In an embodiment, the processor 140 may present a warning image corresponding to the warning information in an image area through the display 121. The warning image may include text, icons/patterns, or combinations thereof. This image area corresponds to an area of the neighboring vehicle being on a windshield of the vehicle or an area of the neighboring vehicle being in an environmental image. Augmented Reality (AR) may combine virtual warning images with real-world scenes. The display 121 may project the warning image onto the windshield. Since the warning information is related to the behavior of the neighboring vehicle, corresponding the image area (that is, the display area of the warning image) of the warning image to the position (that is, the area on the windshield where the neighboring vehicle is seen from the perspective of the driver) in the real-world scene helps in understanding which neighboring vehicle the warning information corresponds to. Alternatively, the processor 140 may combine the warning image with the environmental image. For example, the processor 140 may detect the neighboring vehicle and the position thereof (the area corresponding to the position may be defined using a Region of Interest (ROI) or bounding box) in the environmental image captured by the image capture device 111, and overlay or merge the warning image near the area of the neighboring vehicle in the environmental image or within the area of the neighboring vehicle in the environmental image.

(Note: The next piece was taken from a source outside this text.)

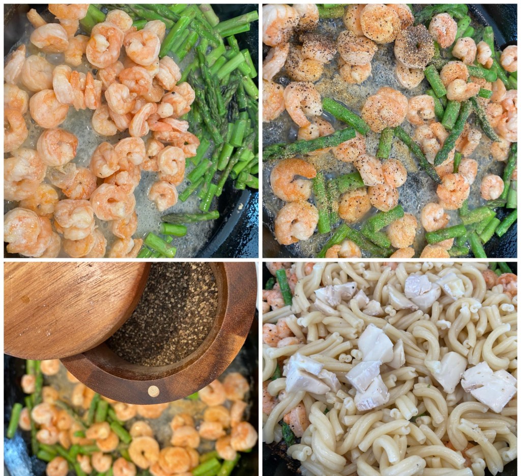 - Heat olive oil. Sauté asparagus. Add shrimp. Cook till pink. Season with salt and pepper.

For example, FIG. 8 is a schematic diagram illustrating a warning image 811 for continuous lane changing according to an embodiment of the disclosure. Referring to FIG. 8, assuming that the processor 140 discovers that the vehicle behavior information of the vehicle ahead is continuous lane changing, and the instability score is 71.67. The display 121 (for example, a head-up display) may project an image onto the windshield 801, causing the windshield 801 to present driver assistance information 802 and the warning image 811. The driver assistance information 802 may include, for example, vehicle speed information (as “85” shown in the drawing) and vehicle distance information (as shown by the three distance unit blocks) related to an adaptive cruise control system. For the sake of a clean display, the display 121 may not show the instability score. In the warning image 811, the topmost reminder icon may be a red icon corresponding to the instability score, and immediately adjacent to the topmost reminder icon is a simple schematic diagram of the hazardous intention or vehicle behavior information. The reminder icon provides a simple and intuitive warning output without displaying detailed event content. In addition, the speaker 123 may also emit a very loud and sharp sound.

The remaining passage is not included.